The evaluation of students’ affective states remains an incredibly difficult challenge. While recognized as a key indicator of student engagement [ 14, 17, 26 ], there remains no clear gold-standard for identifying an affective state, leading to researchers such as Graesser & D’Mello [ 13 ] to call for greater attention to the theoretical stances that certain research methods entail. A full theoretical review is beyond the scope of this paper; instead, the current work presents a pilot study designed to empirically evaluate the reliability of two different types of affective self-reports in an educational context. Reliability is measured both in terms of inter-rater reliability (the degree of agreement between students), and “inter-method” reliability (i.e. given words or facial expressions as representations of affective states, which representation produces more consistent results).

A considerable body of research has been devoted to affect computing, and in particular to affect detection in educational software [ 9 ]. Progress has been made with methods that include self-report [ 8, 10 ], physiological sensors [ 1, 24 ], video-based retrospective reports [ 5, 15 ], text-based [ 11, 19 ], and field observation [ 16, 23 ] data. However, much of this research evaluates success based on the ability of a model to predict when a training label is present or absent, without giving deeper consideration to questions about the appropriateness of the training label itself.
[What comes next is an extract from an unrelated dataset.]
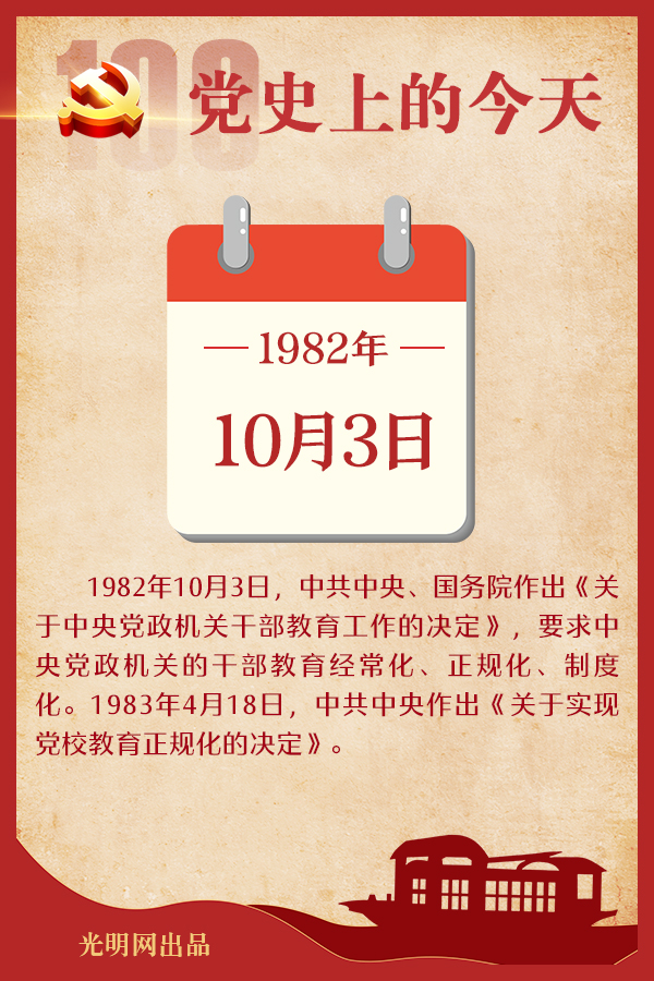 重要论述 1947年10月3日 关于西兵团的作战方针,毛泽东为中共中央军委起草致陈毅、粟裕电。电报指出:你们兵力业已展开于广大地区,现应确定一个月至两个月内,只打小仗不打大仗。各纵应划定地境,每纵几个县,从事歼灭境内小股敌军、民团、土匪、保甲,建立政权,实行土改。每县拨出一个营的架子(干部)及一个连的兵力,建立各县武装基干。各纵主力则在自己辖境内往来机动作战,包括破击铁路在内。如一个月至两个月时间不够,还可酌量延长。使敌主力置于无用之地,疲于奔命,而我则于短期内歼灭了敌之爪牙,建立了我之根据地,为不久将来集中兵力作战打下基础。此种工作看似不甚重要,实则具有伟大战略意义。四日,毛泽东又以中央军委名义致电刘邓指出:此种办法可制敌于死命。三日的电报收入《毛泽东文集》第四卷。 1978年10月3日 邓小平在会见泰国新闻代表团时,谈到农业问题指出:中国总的面貌还是落后的。解放以后,我们基本上解决了吃饭问题,但不能说农业问题已经解决了,或者比较好地解决了,更不能说已经现代化了。概括地说:农业还落后,我们还要努力。从我们的经验来看,解决农业问题比解决工业问题更难。马克思讲过,农业是基础。世界上有很多国家的经验也证明了这一点。所以,毛主席提出以农业为基础,工业为主导,首先抓农业。我们研究了世界上一些发达国家的经验,为什么它们的工业能够发展,主要是它们的农业有基础。农业解决得不好,要拖工业的后腿。特别像我们这样一个人口众多的国家,靠进口粮食解决吃饭问题不行。中国这么大,每个省的情况都不同,一个省那么大,各个地区也不同。我们搞农业,主张每个地区独立思考,一切从实际出发,因地制宜。搞农业机械化,这个地区的机械同那个地区的机械不同,有它的地区特点,不然就不适用。所以,现在讲解决农业机械化问题同过去的概念不同。 2013年10月3日 习近平在印度尼西亚国会发表演讲,全面阐述中国对印尼和东盟睦邻友好政策,提出加强中印尼全面战略伙伴关系,建设更为紧密的中国—东盟命运共同体,实现共同发展、共同繁荣。他指出,中国和东盟国家山水相连,血脉相亲。今年是中国和东盟建立战略伙伴关系10周年,中国和东盟关系正站在新的历史起点上。中方愿同印尼和其他东盟国家共同努力,使双方成为兴衰相伴、安危与共、同舟共济的好邻居、好朋友、好伙伴,携手建设更加紧密的中国—东盟命运共同体。这符合求和平、谋发展、促合作、图共赢的时代潮流,符合亚洲和世界各国人民共同利益,具有广阔发展空间和巨大发展潜力。他强调,中国将坚定不移走和平发展道路,坚定不移奉行独立自主的和平外交政策,坚定不移奉行互利共赢的开放战略。中国的发展为亚洲和世界带来的是发展机遇而不是威胁。中国愿继续同东盟、同亚洲、同世界分享经济社会发展的机遇。他最后表示,中国人民正致力于实现中华民族伟大复兴,印尼人民也在积极推进经济发展总体规划、谋求民族崛起。中国和印尼两国有16亿人口,只要两国人民手拉手、心连心,就将汇聚起世界四分之一人口的巨大力量,创造人类发展史上新的奇迹,共同谱写两国关系发展的崭新篇章,开创中国—东盟命运共同体的美好未来,共同为世界和平与发展的崇高事业作出更大贡献。 2017年10月3日 习近平致信祝贺中国人民大学建校80周年。他在贺信中指出,中国人民大学是我们党创办的第一所新型正规大学。建校以来,中国人民大学始终坚持党的领导,坚持马克思主义指导地位,坚持为党和人民事业服务,形成了鲜明办学特色,在我国人文社会科学领域独树一帜,为我国革命、建设、改革事业培养输送了一批又一批优秀人才。他强调,当前,党和国家事业正处在一个关键时期,我们对高等教育的需要比以往任何时候都更加迫切,对科学知识和卓越人才的渴求比以往任何时候都更加强烈。希望中国人民大学以建校80周年为新的起点,围绕解决好为谁培养人、培养什么样的人、怎样培养人这个根本问题,坚持立德树人,遵循教育规律,弘扬优良传统,扎根中国大地办大学,努力建设世界一流大学和一流学科,为我国高等教育事业繁荣发展,为实现“两个一百年”奋斗目标、实现中华民族伟大复兴的中国梦作出新的更大贡献。 党史回眸 1927年 10月3日 毛泽东在宁冈古城文昌宫主持召开有部队营以上干部和宁冈县党的负责人参加的前委扩大会议(即古城会议)。会议历时两天,初步总结了湘赣边界秋收起义以来的经验教训,着重讨论了在罗霄山脉中段建立落脚点和开展游击战争的问题,认为在井冈山落脚是理想的场所,对原在井冈山的袁文才、王佐两支地方武装要进行团结和改编。 1950年 10月3日凌晨 周恩来紧急约见印度驻华大使潘尼迦,就朝鲜战争问题郑重表明中国政府的立场:美国军队正企图越过三八线,扩大战争。美国军队果真如此做的话,我们不能坐视不顾,我们要管。我们主张和平解决,使朝鲜事件地方化,就是不使美军的侵略行动扩大成为世界性的事件。 1982年 10月3日 中共中央、国务院作出《关于中央党政机关干部教育工作的决定》,要求中央党政机关的干部教育经常化、正规化、制度化。1983年4月18日,中共中央作出《关于实现党校教育正规化的决定》。 2013年 10月3日 习近平在印度尼西亚国会发表题为《携手建设中国—

Even within limited to the body of research that relies on self-report research, there are serious concerns about how methodological decisions might impact student responses. In addition to issues about the frequency and timing of surveys, one primary area of concern is that students may have subjectively different understandings of the state they are reporting [ 19 ], an effect that is likely to be even greater among younger students [ 10 ]. For example, Graesser and D’Mello [ 13 ] have suggested that a students’ tolerance of cognitive disequilibrium (e.g., confusion or frustration) is probably conditioned by their knowledge and prior success with the topic they are interacting with. Further, what students describe as “frustration” in itself may differ between individuals in terms of dimensional component measures of affect: valence, activation, and dominance. The former two dimensions are typically used to differentiate affective states [ 4 ], and the latter used in some cases [ 7 ].
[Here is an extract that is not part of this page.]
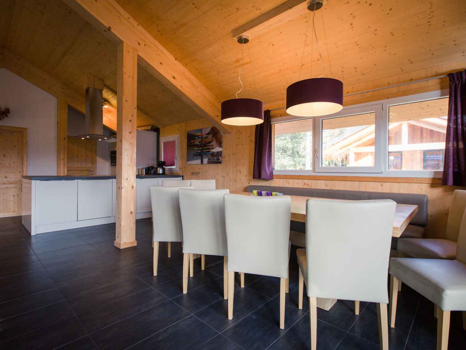 " 37 mit ir-sauna und sprudelbad innen", chalet 6 pièces 130 m2. spacieux, aménagement luxueux et avec beaucoup de bois: séjour/salle à manger avec coin repas et tv (satellite) (écran plat). cuisine ouverte (four, lave-vaisselle, 4 plaques vitrocéramiques, grille-pain, bouilloire électrique, micro-ondes, cafetière électrique). douche/wc.

In this study, we explore these interpretative issues using three different types of representations that have been employed in previous self-report studies: words, facial expressions, and dimensional measures. In particular, we are interested in verifying that students’ understanding of the meaning of these representations aligns with interpretations of these labels that are present in the literature (as constructed by experts). To this end, we use dimensional measures (valence & activation) to compare how students respond to both linguistic representations and pictorial representations, further testing hypotheses that the latter might be more appropriate for surveying students [ 19, 21, 22 ]. Our goal is to determine the extent to which this student population shows variance in the interpretation of these two different types of representations, since substantial variation in student perception should be accounted for in subsequent research. Last, while we might achieve researcher agreement in terms of methods and terminology for self-reported affects, that will do little good if there is a large degree of variance in terms of our subject pool’s agreement on the meaning of these constructs. 1.1

Methods Students surveyed included eighty one 7th graders from two Californian middle schools in a major city (among the 30 most populous cities in California), where a majority of census respondents identified as Hispanic or Latino and median household income was within one standard deviation of California’s overall median household income. They were surveyed at the end of the academic year.
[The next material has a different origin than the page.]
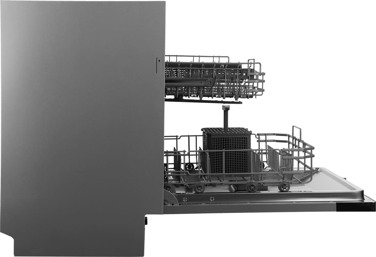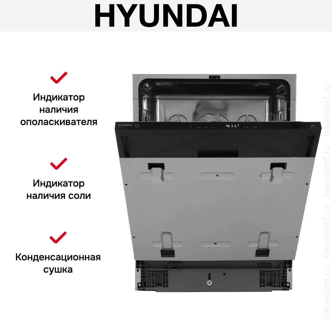 Встраиваемая модель Хендай отлично впишется в любой интерьер, главное — правильно выбрать место, чтобы подвести коммуникации. Устанавливается в нишу целиком, полностью закрывается декоративной панелью. Обратите внимание: в комплекте не идет фасад, его необходимо установить самостоятельно. Имеет стандартные размеры, поэтому может не поместиться на очень маленькой кухне. В камеру можно загрузить ограниченное число комплектов: 13 шт. Комплектом считается набор посуды на одного человека, который нужен для полноценного приема пищи: глубокая и плоская тарелки, тарелка для салата, блюдце под чашку, сама чашка, ложка и вилка.

Students were asked to place both textual and facial representations of affect on an XY axis of Activation=X Valence=Y. Textual representations of affect were selected based on the affective states that have been used in the past [ 2, 12 ], that corresponded to quite different levels of activation x valence according to us researchers, so that words would theoretically cover all quadrants. These terms and their researcherhypothesized valence x arousal placements included: Angry (low valence x high activation), Anxious (low valence x high activation), Bored (low valence x low activation), Confident (high valence x low activation), Confused (med-low valence x medhigh activation), Enjoying (high valence x medium activation), Excited (high valence x high activation), Frustrated (low valence x high activation), Interested (high valence x medium activation) and Relieved (high valence x med-low activation). In general, it was clear to the researchers which word corresponded to which face, with a few exceptions, such as the level of activation that should be associated to enjoying and interest. An established set of emoticons were chosen from previous affective research [ 8 ] that corresponded to extreme emoticon states of activation x valence x dominance. While the emoticons possessed these three attributes, our participants were asked only to orient them based on activation and valence.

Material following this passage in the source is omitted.